# Game 1: Los Angeles Clippers (0-0) @ Los Angeles Lakers (0-0) [10/29/13]



## Basel (Mar 31, 2005)

@


----------



## onelakerfan (Nov 11, 2004)

Good luck boys, just play hard play defense.


----------



## Basel (Mar 31, 2005)

Hoping Kobe surprises everyone and plays and we kick the Clippers' asses.


----------



## MojoPin (Oct 10, 2008)

CP3 drops 30/10 and Lakers lose by 9.


----------



## Luke (Dec 7, 2008)

MojoPin said:


> CP3 drops 30/10 and Lakers lose by 9.


Likely


Sent from Verticalsports.com Free App


----------



## Basel (Mar 31, 2005)

Have some confidence, fellas.


----------



## Jamel Irief (May 19, 2002)

Going to the Kendrick/Kanye concert at staples tonight. I wonder if the banners will be covered?


Sent from Verticalsports.com Free App


----------



## Luke (Dec 7, 2008)

Jamel Irief said:


> Going to the Kendrick/Kanye concert at staples tonight. I wonder if the banners will be covered?
> 
> 
> Sent from Verticalsports.com Free App


I've heard the statues will be removed as well.

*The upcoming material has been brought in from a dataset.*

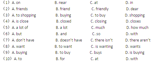 There is a big shopping mall ______ our school. There are many things in the mall. The people in it are very ______. On weekdays, we often go ______ things there on our way home. The shop opens at eight in the morning. It _______ at eight in the evening. We can buy ______ things in it. We can buy food, clothes, stationery ______ many other things. But ______any English books there.
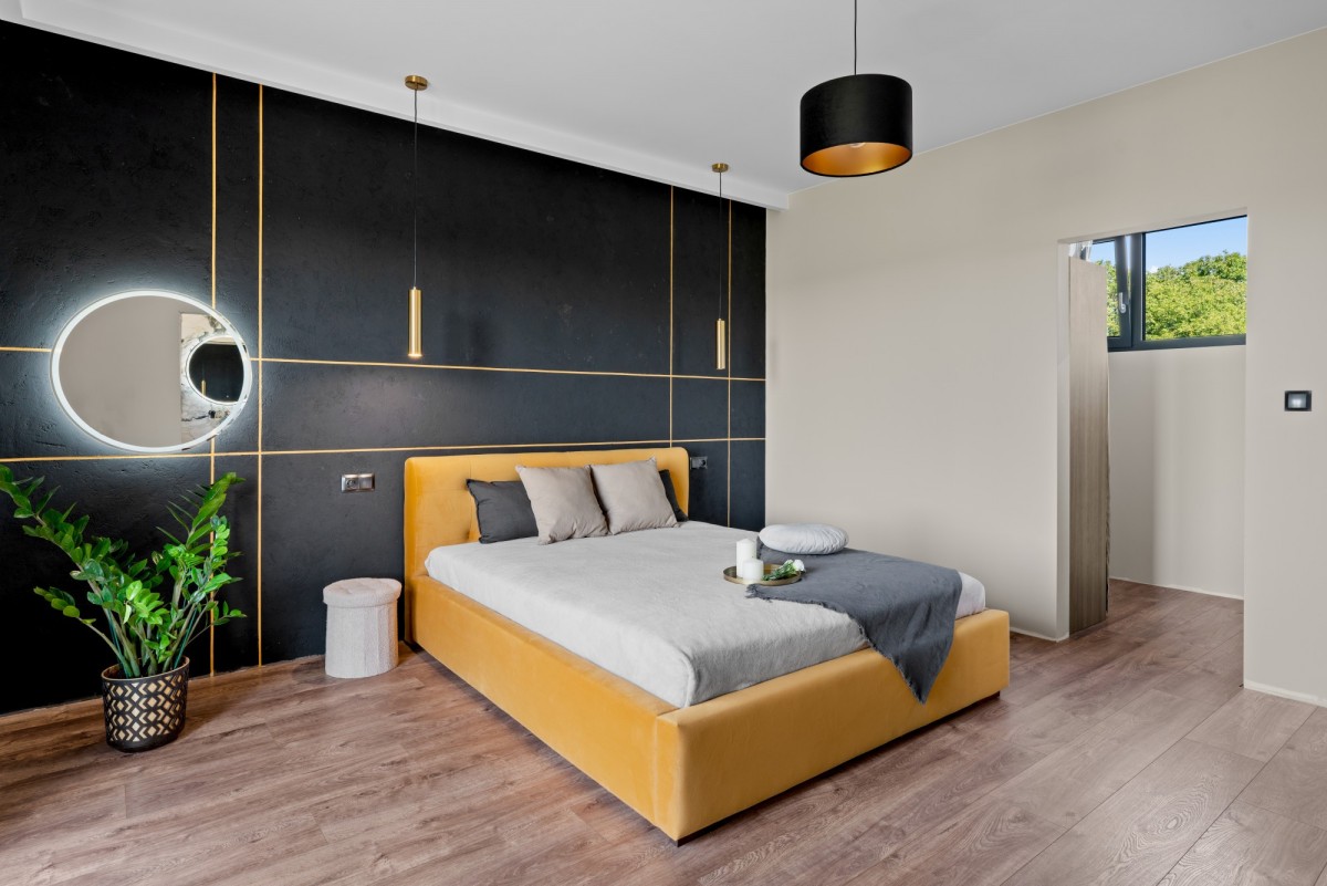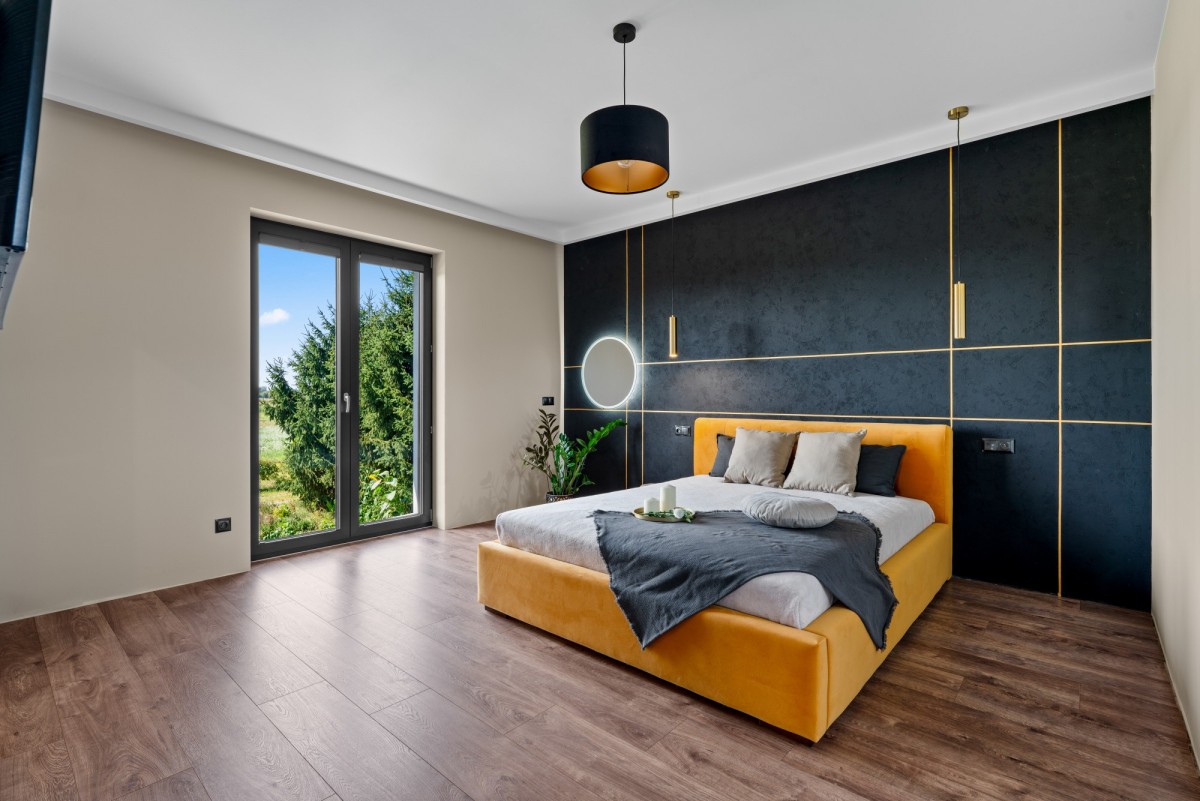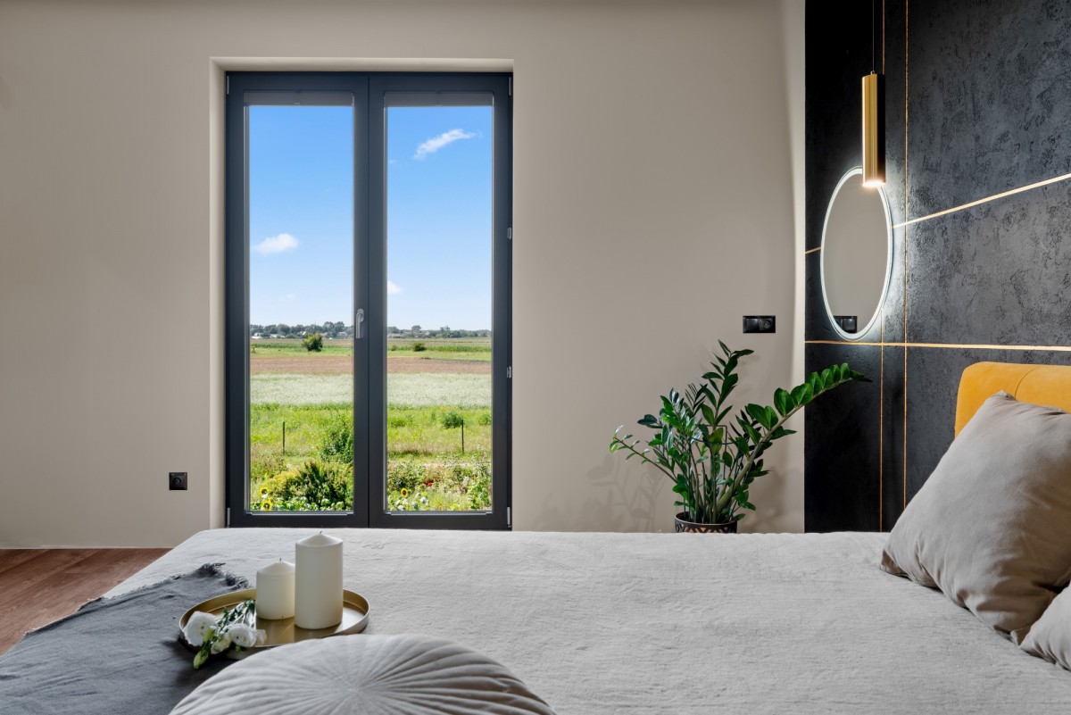 – przestronna sypialnia z widokiem na zieleń, połączona z własną łazienką i garderobą

Sent from Verticalsports.com Free App


----------



## onelakerfan (Nov 11, 2004)

lakers decided to cover sparks banners


----------



## Jamel Irief (May 19, 2002)

Jamel Irief said:


> Going to the Kendrick/Kanye concert at staples tonight. I wonder if the banners will be covered?
> 
> 
> Sent from Verticalsports.com Free App


Still there









Sent from Verticalsports.com Free App


----------



## elcap15 (Aug 8, 2006)

Just dont pat CP3 on his head. He hates that.


----------



## Luke (Dec 7, 2008)

Jamel Irief said:


> Still there
> View attachment 15169
> 
> 
> ...


How was the concert


Sent from Verticalsports.com Free App


----------



## Jamel Irief (May 19, 2002)

Outside of Kanye wearing different masks through out (Ghostface KILLAH!) most of it only to have Jesus remove it it was the best concert of my life. Huge bonus, when I was standing in will call they were having problems finding the email that authorized a pass for me. I look turn around and see RZA in line literally 6 feet behind me. Meeting him would of normally been the highlight of my weekend, and actually still might of been.


----------



## Luke (Dec 7, 2008)

I'm not a huge concert guy, and especially not a huge stadium concert guy (went to the farm tour last year, tailgating for hours/it being at a random farm was sick) but I would pay pretty big money to see Kendrick and Kanye.


----------



## King Sancho Fantastic (Jul 19, 2005)

Had a few friends of mine go and they said it was insane.


----------



## Jamel Irief (May 19, 2002)

Luke said:


> I'm not a huge concert guy, and especially not a huge stadium concert guy (went to the farm tour last year, tailgating for hours/it being at a random farm was sick) but I would pay pretty big money to see Kendrick and Kanye.


Well, I was on the floor about 10 feet from the stage and paid $0.


----------



## Basel (Mar 31, 2005)

Who cares about Kanye? Go Lakers!


----------



## Luke (Dec 7, 2008)

Basel said:


> Who cares about Kanye? Go Lakers!


He makes a lot better music than Eminem does, that's for sure.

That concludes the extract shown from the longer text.